# ipw2200 + wpa_supplicant = WEP key is not set

## miduchp

Hello

I have a problem with wireless network configuration. I have kernel 2.6.20, compiled driver ipw2200 as a kernel module. On the beggining there was a problem with connecting to access point, but on the nex day i got following error:

 /etc/init.d/net.eth2 restart

 * Starting eth2

 *   Configuring wireless network for eth2

 *   WEP key is not set for "midiwireless" - not connecting

 *   Couldn't associate with any access points on eth2

 *   Failed to configure wireless for eth2       

I have no ide where is the problem.

I re emerged wpa_Supplicant, and recompiled the kernel. 

My wpa_supplicant.conf

ctrl_interface=/var/run/wpa_supplicant

update_config=1

network={

        key_mgmt=NONE

        priority=-9999999

        disabled=1

}

network={

        ssid="ssid"

        psk="********"

        proto=RSN

        key_mgmt=WPA-PSK

        pairwise=TKIP

}

These config files were woking on previous version of gentoo. Everything messed up when i installed gentoo from new livecd 2007.0.
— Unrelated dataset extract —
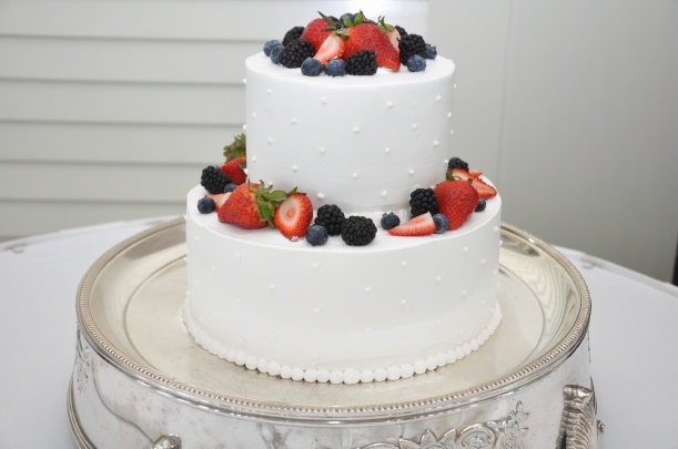 ブーケは、白バラ、シンビジュウム等をつかったシックなキャスケード。
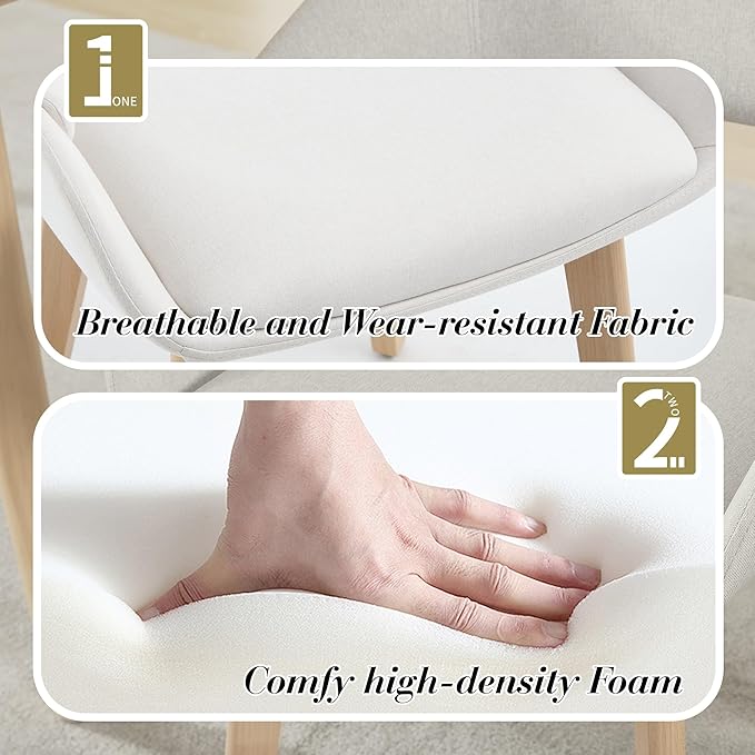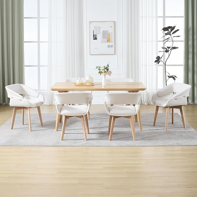 Home Office Desk Chair No Wheels Set of 6, Upholstered Linen Fabric Modern Accent Side Armchair with Wood Legs Hollow-Out Back, for Vanity Living Dining Room Bedroom, Beige

When i run wpa_supplicant manually (wpa_supplicant -Dwext -dd -t -K -ieth2 -c/etc/wpa_supplicant/wpa_supplicant.conf)

it looks like it does not find any access points, like the wireless card is dead. But i have dual boot configuration, and on windows xp everything is working fine!

Best regards

----------

## blitz303

 *miduchp wrote:*   

> Hello
> 
> I have a problem with wireless network configuration. I have kernel 2.6.20, compiled driver ipw2200 as a kernel module. On the beggining there was a problem with connecting to access point, but on the nex day i got following error:
> 
>  /etc/init.d/net.eth2 restart
> ...

 

First of all, the card isn't necessarily dead if you can't find any access points.

Obviously:

Make sure you have ipw2200 loaded (dmesg |grep ipw2200) but I doubt that's the problem.  Make sure that the psk and all the variables are correct.  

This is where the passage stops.